As a preliminary test of generalizability, we conducted tests of measurement invariance of the obtained factor structure across subgroups of participants. This verification is particularly relevant for the SDQ, which has been developed to be suitable for youth aged between the ages of 4 and 17, thus relying on the assumption that SDQ ratings would be comparable across this full developmental period. In line with these expectations, the final retained bifactor model proved to be fully invariant (configuration, loadings, thresholds, uniquenesses, and even variances and covariances) across genders and the three school levels considered. We further verified whether the latent means obtained on the estimated factors would replicate the results from previous studies as a test of the discriminant validity of the model. Interestingly, supporting previous studies, no mean level differences could be observed as a function of school levels. Conversely, but also supporting previous studies based either on the SDQ [27] or other instruments [19, 20], our results showed that boys had higher levels of ED, ID, and Hyperactivity-Inattention, while they had lower levels of S/PB and Emotional Problems than girls.

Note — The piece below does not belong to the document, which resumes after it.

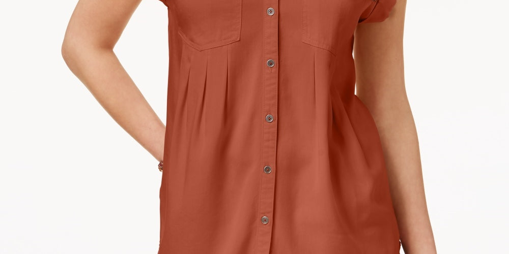 Style & Co Women's Pleated Cuffed Sleeve Top Orange Size Large

In summary, our study shows that it is legitimate to compute five a priori scores when using teacher ratings of the SDQ. Additionally, it may be even more informative to compute scores of ED and ID and then to interpret subscale-specific scores on the Conduct Problems, Hyperactivity-Inattention, Peer Problems and Emotional Symptoms factors as a function of the information they add to refine initial interpretations based on the ED and ID scores. More precisely, our results suggest that the Emotional Symptoms score would be meaningful in its own right as the content of this subscale is only imperfectly reflected in the ID factor. Conversely, the Conduct Problems, Hyperactivity-Inattention, Peer Problems apparently mainly and respectively reflect Covert Behaviours, Hyperactivity, and Preference for Solitude once global scores on the ED and ID factors are taken into account. Although our results are promising, future studies should still investigate the validity, sensibility, and specificity of SDQ assessments based on teachers-, parents- and self-ratings of the same instrument, and formal clinical assessments conducted using structured interviews. Indeed, although this study focused on the psychometric properties of the teacher’s version of the SDQ, in practice, the assessment of behavioural disorders typically seeks to identify behaviours that are pervasive across settings and thus aims to integrate multiple sources of information (parent, teachers, clinicians, self). This is important as these informants are known to provide different perspectives on the behaviours being rated [55] due to their reliance on distinct frames of references in their interaction with the child being rated. In addition, the generalizability of the present results to other versions of SDQ and other linguistic groups should also be more thoroughly investigated.